This table reports the coefficients estimated from model Eq (4). To ease interpretation of the results, the independent variable associated with each coefficient estimate is highlighted in parentheses. Robust standard errors are reported in parentheses.

^†, *, **, and *** denote significance at the one-sided 10%, two-sided 10%, 5%, and 1% levels, respectively.

Another concern one might have with the data is the presence of extreme outliers. For example, in the data there are race times that are more than three standard deviations slower than the mean. It is possible these extreme outliers have an important influence on the estimated lane effects. It also seems plausible that these extreme outliers are unrelated to lane assignments. For example, a runner who sustains an injury during the race may have a much slower race time than the norm. To control for these outliers, I conduct the same analysis where I exclude the slowest 5% of the race times in the Men’s and Women’s race, reported in columns 2 and 4 respectively, and results from the pooled analysis are reported in column 6. Excluding these extreme outliers does not generate a meaningful change in the overall regression results in the 100m. In the pooled data with outliers excluded only lane 9 again has a significant lane effect, being on average 0.0513 seconds faster than lane 2. While this effect should be treated with caution because of the low number of observations, it is also the opposite effect relative to the common narrative pertaining to outside lanes in the 100m.

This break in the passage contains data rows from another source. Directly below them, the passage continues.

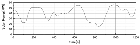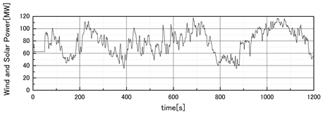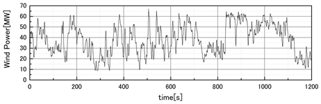 Simulation analyses have been performed in the 6 cases shown in Table 5 to confirm the effectiveness of the proposed method. Figure 16 shows the wind speed data and Figure 17 shows the resulting output of WF used in the simulation analyses. Figure 18 shows the PV data used in the simulation analyses. Figure 19 shows the total output of WF and PV station. The data used in Figure 16 and Figure 18 were real data measured in Hokkaido, Japan. The simulation time was 1200 seconds and PSCAD/EMTDC software was used for the simulation analyses.
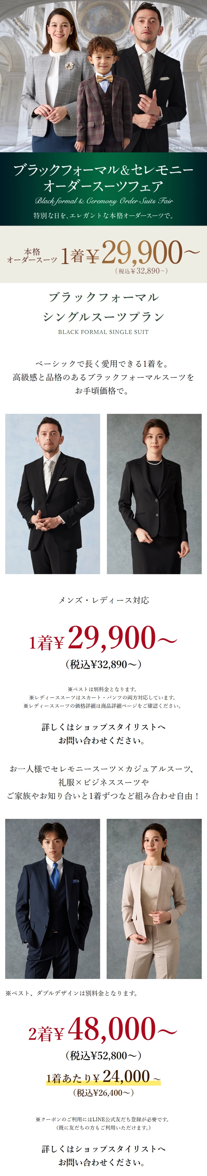 ▶本格オーダースーツ1着¥29,900~(税込¥32,890~)
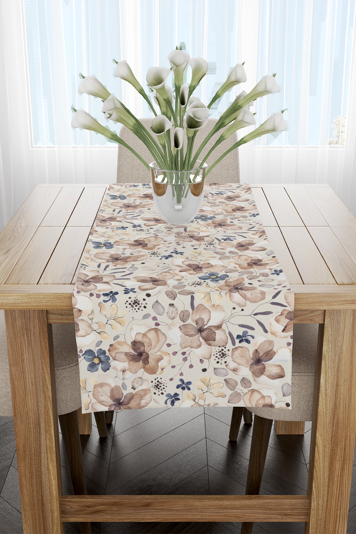 Yumuşak krem rengi bir zemin üzerinde, zarif ve dingin bir çiçek deseni sunan bu runner (masa örtüsü), masanıza sulu boya esintili sofistike bir görünüm katar. Kahverengi, bej, soluk mor ve hafif mavi tonlardaki şeffaf çiçek ve yaprak motifleri, tasarıma narin ve huzurlu bir hava verir. Desen, yemek masası, sehpa veya konsolunuzun dekorasyonuna doğal, klasik ve sakin bir şıklık katmak için mükemmeldir. Vintage, country veya sade modern dekorasyonlarla kolayca uyum sağlar.
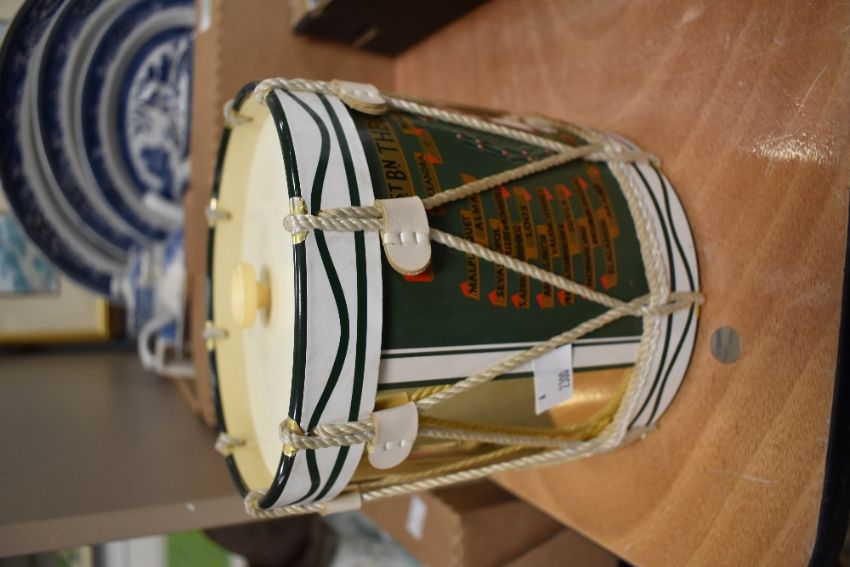 A vintage Green Howards Regimental drum ice bucket, a Neil J Rose sculpture 'Running Coyote' three Wade Tortoises, a glass cake stand, paperweight and a signed Anita Harris Art Pottery purse vase depicting The Potteries 'Homage to Lowry' pattern etc
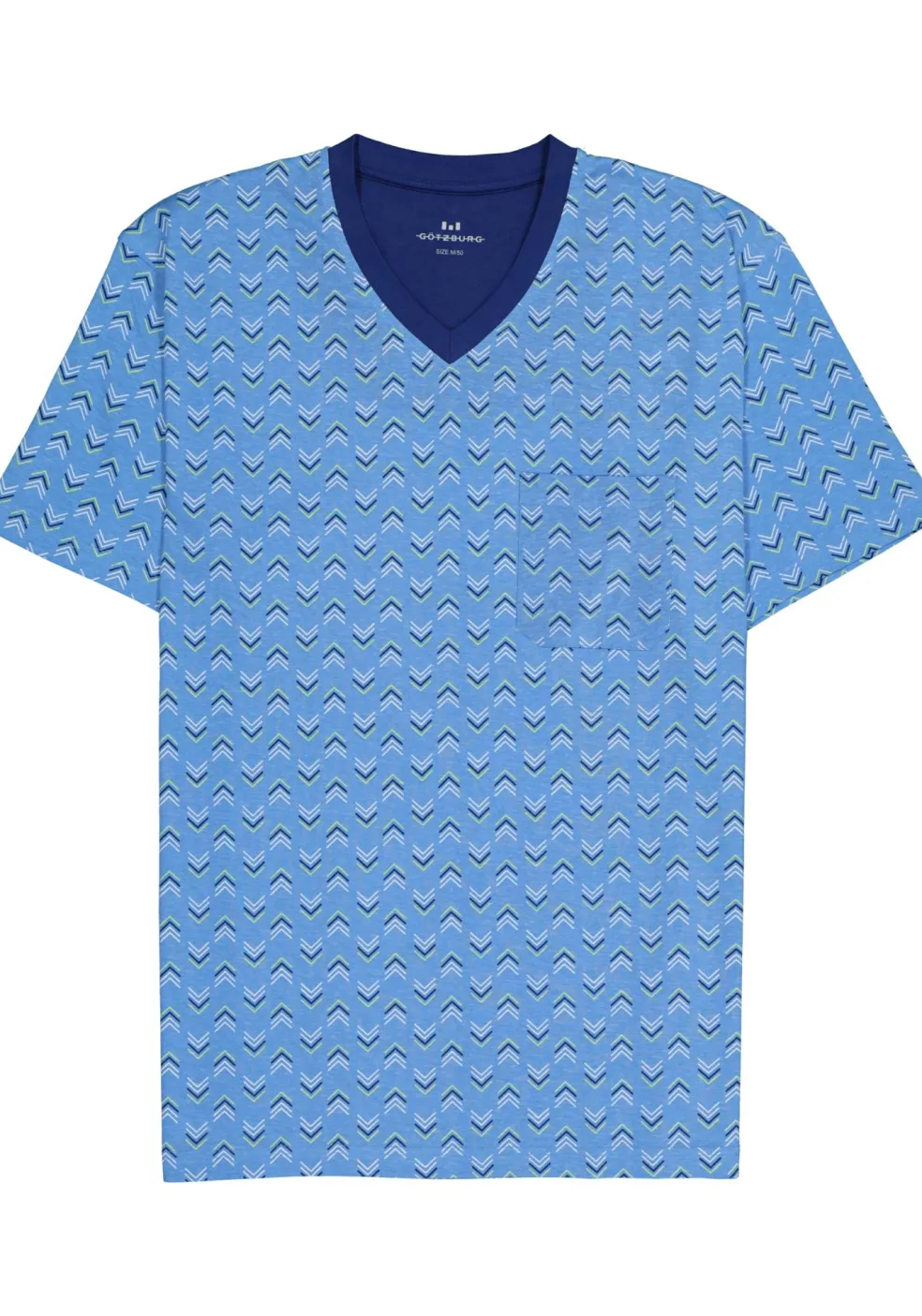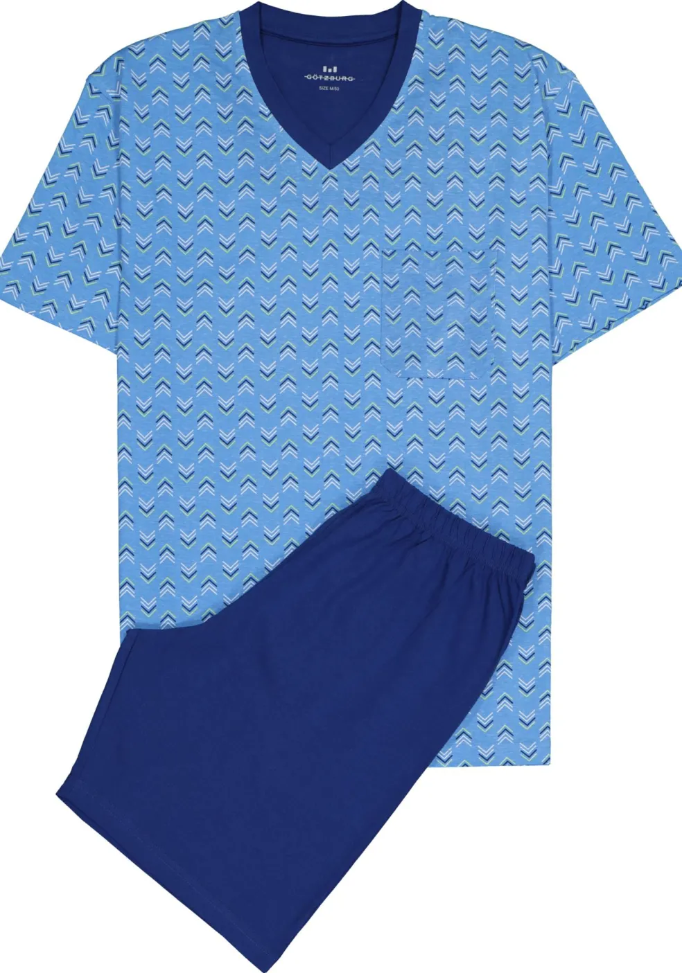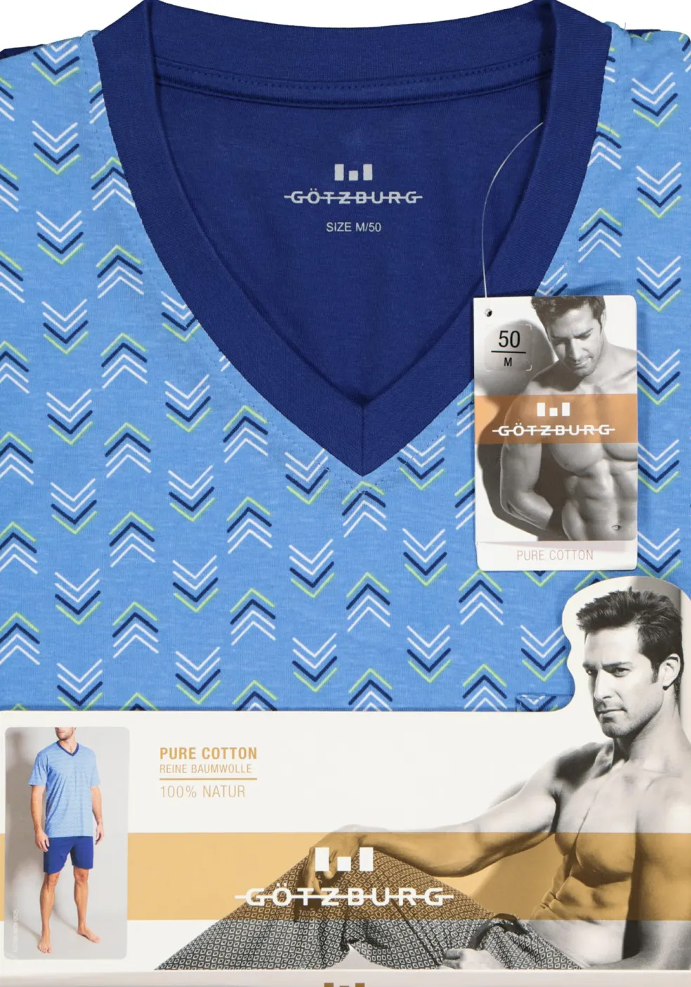 Gotzburg heren shortama V-hals, middenblauw dessin

An important point worth emphasizing with this empirical strategy is that runners, of course, are not blinded to their lane assignments. In an analogy from clinical trials for drugs, it is as if “control” subjects do not receive a placebo and are aware of their treatment status. A concern with non-placebo trials is that control subjects engage in differential behavior because of their status (e.g. seek their own treatment) which may impact the estimates of treatment effects. Though leveraging random assignment ensures runner characteristics will be balanced across lanes, it is possible that runners adjust their effort in response to their lane assignments. The main objective in these early rounds is to qualify to advance to later rounds. Runners may be interested in preserving energy for later races and, as such, give “just enough” effort to advance. The concern is that these “just enough” effort types may supply different levels of effort conditional on their lane assignments, which may impact the estimates of lane effects. It is typical that two or three racers qualify to advance. The IAAF rules that determine qualification for later rounds vary by meet as they can be determined by Technical Delegates. However, it is common that two or three racers from each heat automatically advance, with the possibility of more runners qualifying on time. Aside from these “just enough” types, the remaining athletes are likely to be “maximum effort” types in attempting to qualify to advance. While it is certainly plausible that differential effort provision conditional on lanes could exist, it is important to note that these athletes would constitute the minority of runners because of qualification rules. As an additional robustness check, I re-estimate the model Eq (4) excluding runners who finished in first or second place. Because excluding two runners per race amounts to an important reduction in sample size, I do this on the pooled data. Excluding these runners does not have a meaningful impact on the results, reported in the final column of Table 2, and suggests that differential provision of effort across lanes does not impact the estimates of lane effects. Collectively, these results suggest that there is no robust evidence of lane effects in 100m races. To ease interpretation of the results, Fig 1a plots the lane coefficient estimates from the second last column of Table 2 (i.e. the results generated from pooled data excluding outliers).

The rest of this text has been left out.